Here are the raw notes from the workshop.
XDC 2024 - Buffer allocation workshop
=====================================
Attendees:
- Erico Nunes <ernunes(a)redhat.com>
- James Jones <jajones(a)nvidia.com>
- Laurent Pinchart <laurent.pinchart(a)ideasonboard.com>
- Nicolas Dufresne <nicolas(a)collabora.com>
- Yunxiang (Teddy) Li <yunxiang.li(a)amd.com>
Relevant content:
- XDC 2016: https://www.x.org/wiki/Events/XDC2016/Program/Unix_Device_Memory_Allocation…
- XDC 2020: https://lpc.events/event/9/contributions/615/attachments/704/1301/XDC_2020_…
Discussions
-----------
NICs are relevant to the discussion, but likely only on large servers.
The proposal needs to accomodate that.
Nicolas asked about support for the CPU as a device. A lot of pipelines
are hybrid, with CPU processing and dedicated hardware processing. James
said previous proposals were able to support the CPU as a device. The
last proposal was focussed on usages, so could support CPUs.
Demi things this could be viewed as in a similar way as type checking in
compilers, which have to resolve constraints.
Nicolas is annoyed that we force applications to make a decision,
requiring them to go the hard route of reallocation if they get it
wrong. Some of the parameters are the MMU configuration, which can't be
changed afterwards in Linux.
Demi said that there could be cases where the fastest thing to do is to
use shadow memory and copy. Nicolas said the first question that would
come back is if this is something userspace should decide. Yunxiang
asked if we're looking at designing a kernel interface to convey
constraints. Nicolas said some kernel APIs expose some constraints. For
instance, V4L2 allows discovering some stride constraints. Yunxiang
thinks constraints won't be able to scale. Capabilities would be
better. The difference is that the hardware device can have lots of
constraints, but could more easily say some of the things it can do.
Adding a new capability later wouldn't break anything, but adding a new
constraint would require all components to understand it. James said the
latest proposal handled constraints in a forward-compatible way with
versioned constraints. Demi prefers the capabilities approach. Yunxiang
said devices could expose which memory they can access.
Nicolas said that in GStreamer, the current approach is trial and error.
Capabilities would reduce trial and error. Everybody has hacks on top.

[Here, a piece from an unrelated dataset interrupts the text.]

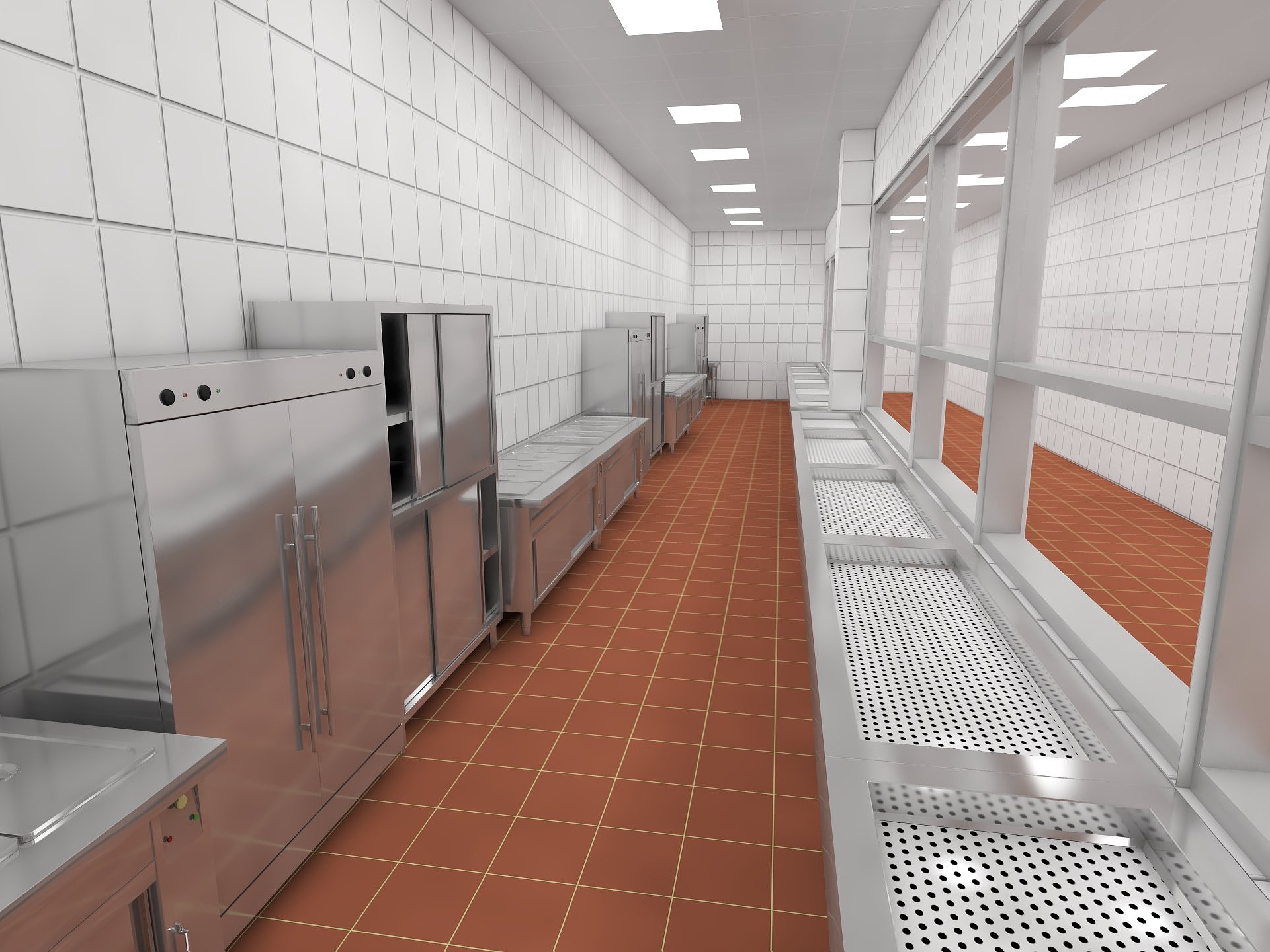 食堂廚房最重要的安全與衛生方面,也需要地面與墻壁的配合保證。地面需要使用防滑瓷磚、防腐 、容易清潔;墻面用平滑的白色瓷磚或其它顏色淡雅的瓷磚,與室內光線協調,并且易于清潔。食堂的廚房一般都有快餐座位,配套設施有:超市、水果店、飲品店等,這些配套設施都集中在飯廳旁邊,方便人們消費。

James is instead bringing a formula that solves this. As soon as each of
the nodes involved can be identified (which GStreamer can do now), we
can calculate and combine but can't sustain adding capabilities. Liviu
said GStreamer could tell which capabilities it supports, and push
hardware vendors to comply with that. If the hardware is not compatible,
GStreamer would provide converters. Nicolas said buffer sharing is a
trade-off. We will find things that won't break it but will make it
slower. Demi said that cache-incoherent DMA will usually have higher
bandwidth than cache-coherent DMA, unless all the components share the
same cache.
Discussion followed on capabilities vs. constraints. It's partly a
vocabulary matter. The first proposal from James was using the word
capability. Constraints in the last proposal describe what a device can
do.
Nicolas has only stride and number of planes as constraints in
GStreamer. James' mechanism has support for much more. Yunxiang asked if
we can include the pixel format as constraints. James said we first have
to resolve formats and modifiers, and then handle allocation
constraints. Yunxiang thinks the allocator should also take care of the
format. Nicolas said that when using a tiling modifier, we already
reduce the scope of incompatibilities. When using e.g. an Intel tiling
modifier, there's a bigger guarantee that the devices that support it
will be able to inter-operate as they're designed for that purpose.
Demi said it should be possible to validate parameters for buffers
without being Mesa. The format modifiers are way too opaque. James said
that for each format we need to query possible modifiers, and for each
format+modifier we need to query constraints. Modifiers are mostly
considered opaque to applications, constraints are semi-opaque, and
formats are not opaque.
The problem that remains hard to James is when it comes to locality, how
do we say "local to a device" ? There's no serializable representation
of a device. Nicolas says that as soon as it stays in the graphics
stack, the stack will hide the problem from applications. A sysfs path
could be used on Linux to identify a device.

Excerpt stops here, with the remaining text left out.